Он внимательно ее оглядел. С этим скорбным лицом с поджатыми губами, как с маской, она ходит уже не первый день. Как потерявшийся щенок, оставшийся без материнского тепла и заботы, она даже выглядит какой-то неухоженной, жалкой, потрепанной. Вот она, правда жизни: под лучами любви девушки расцветают и способны из дурнушек превращаться в красавиц, а под холодными тучами нелюбви чахнут. Эх, Вацлав, разве так можно?
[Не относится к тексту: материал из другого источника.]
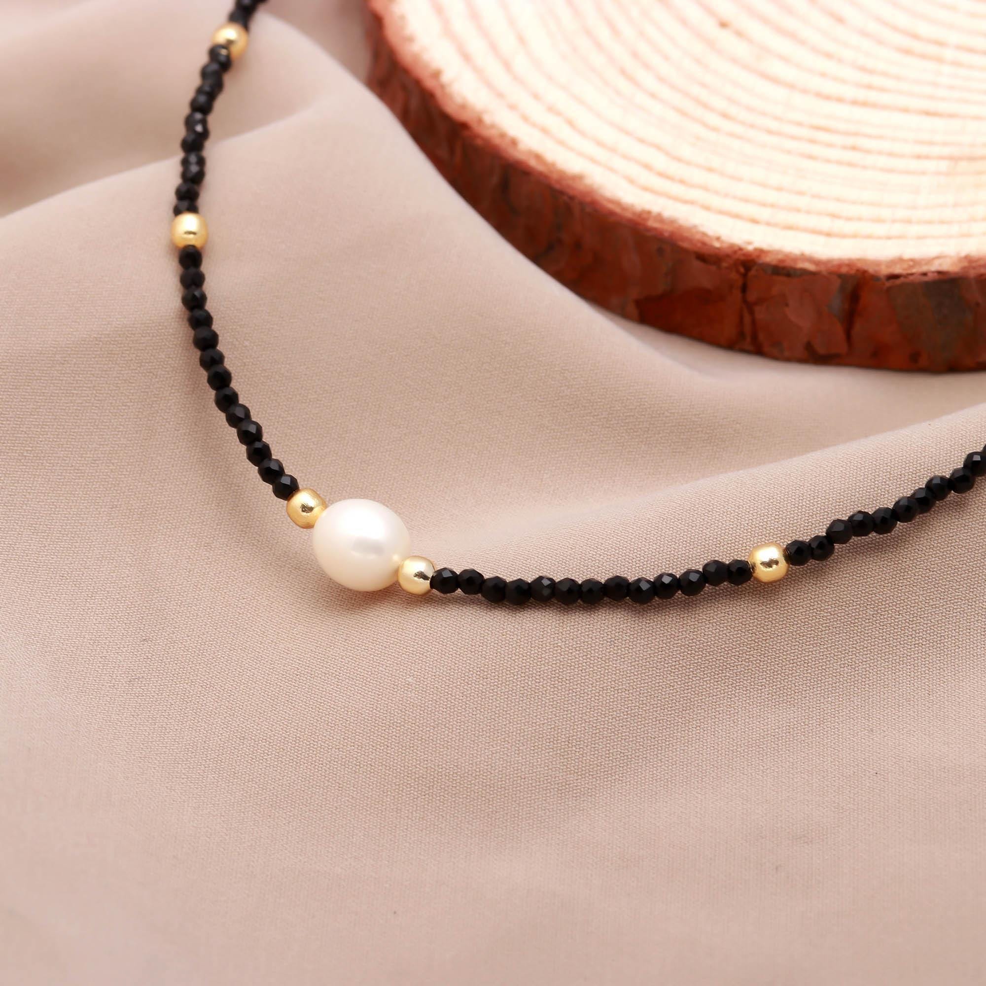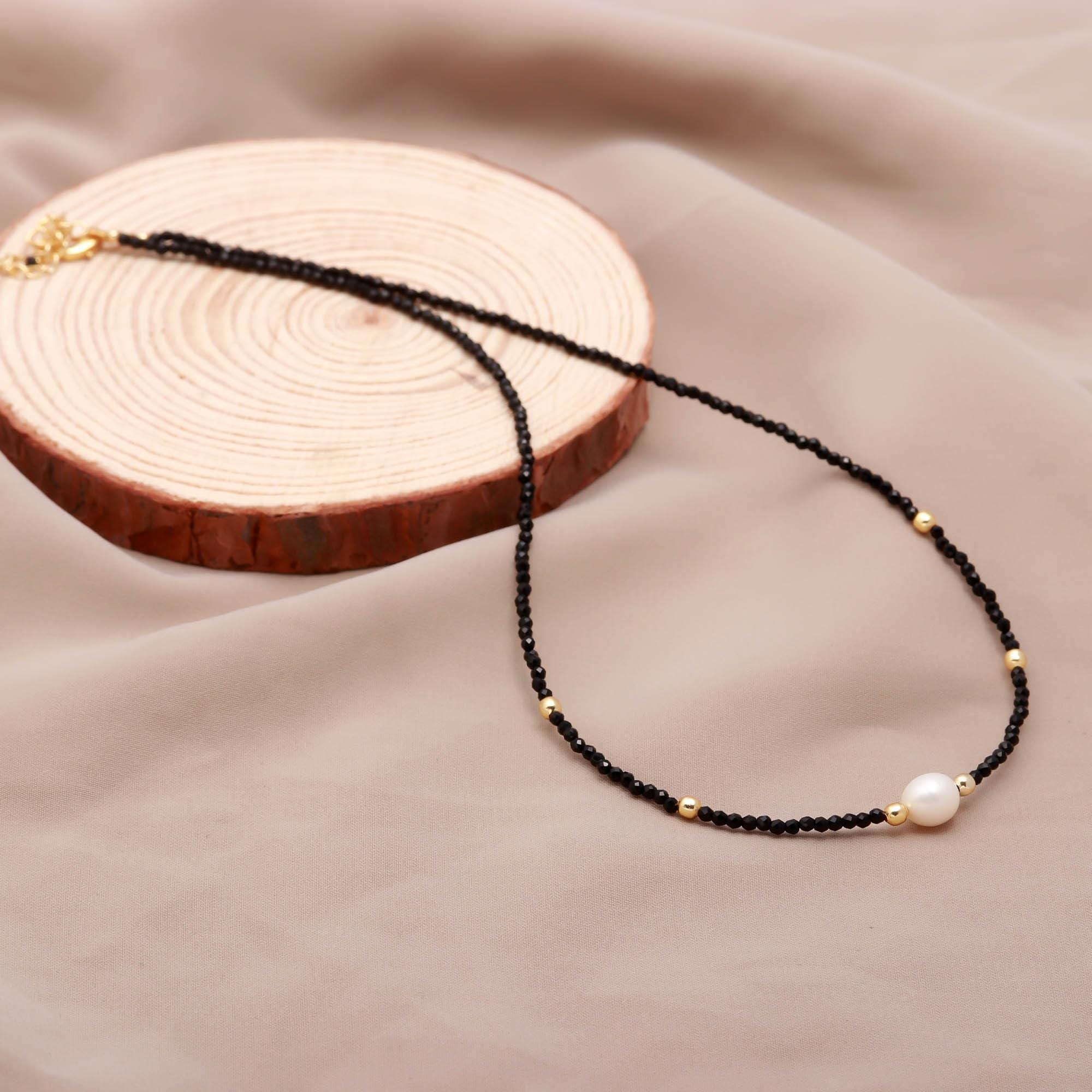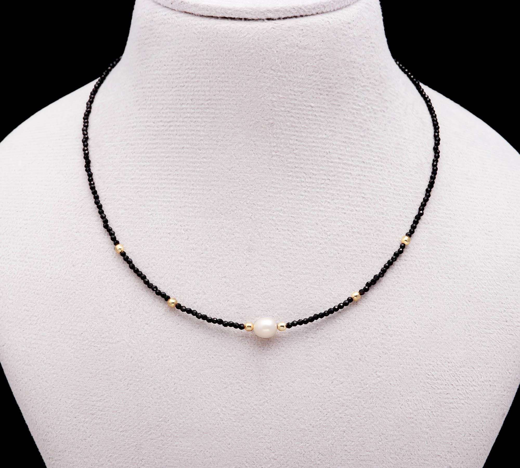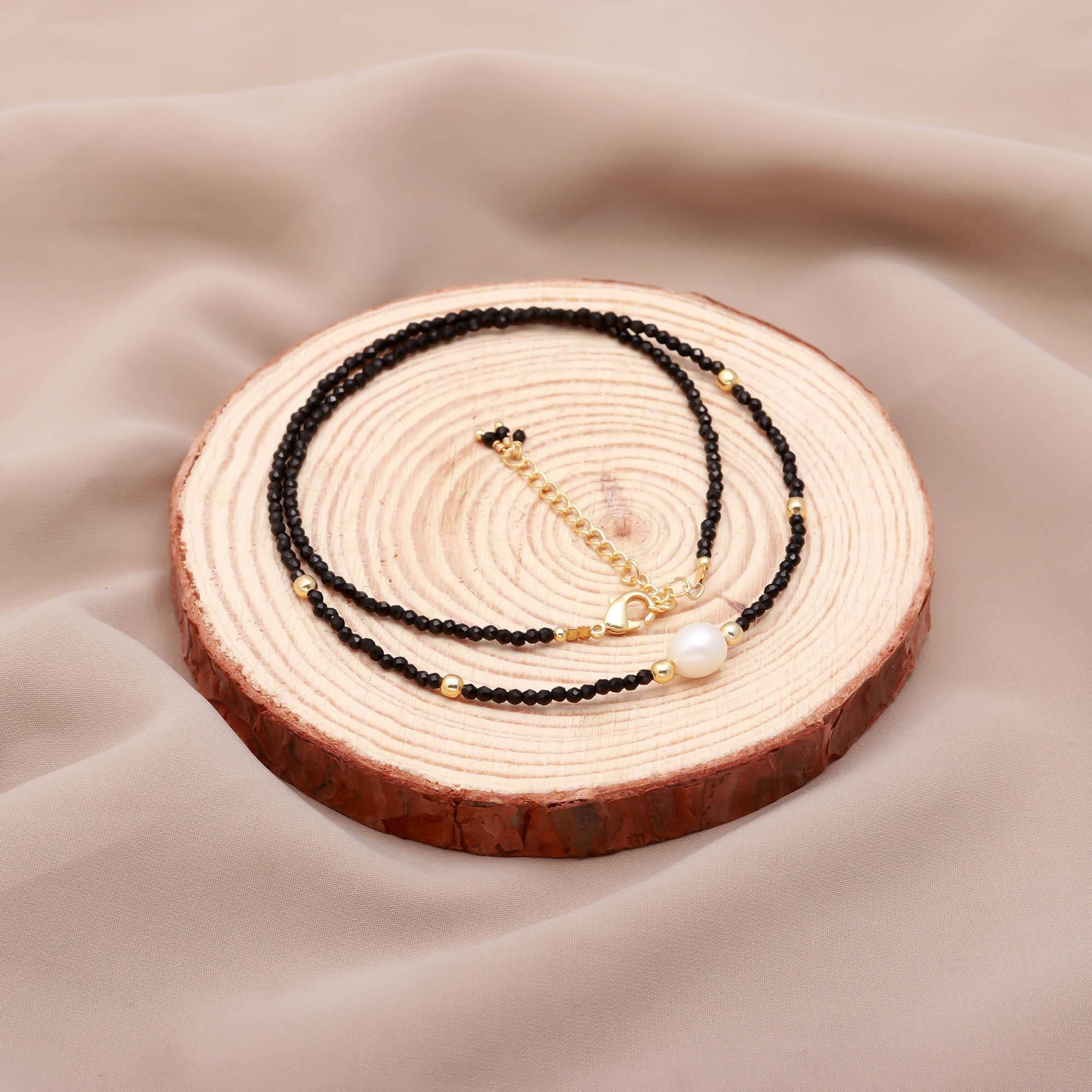 Artisan Craftsmanship & Materials Gemstone size: 2.2–2.5 mm faceted black spinel beads, genuine cultured pearl Metal: 18k gold-plated brass, nickel-free & lead-free Chain length: 16 + 2 inch adjustable, lobster clasp Technique: Hand-beaded with secure finishing

— Ты что тут стоишь, мерзнешь? — Спиридон начал стаскивать с себя шинель, чтобы накинуть ей на плечи.
— Не надо, — остановила его Беата. — Я о другом тебя хочу попросить.
— Попроси, что смогу, сделаю.
— Спиридон, родненький, я знаю, что ты хороший человек, добрый. Ты и Вацлаву жизнь спас, и на охоту стараешься не ездить, чтобы животных зря не убивать. Помоги же и мне, ну пожалуйста.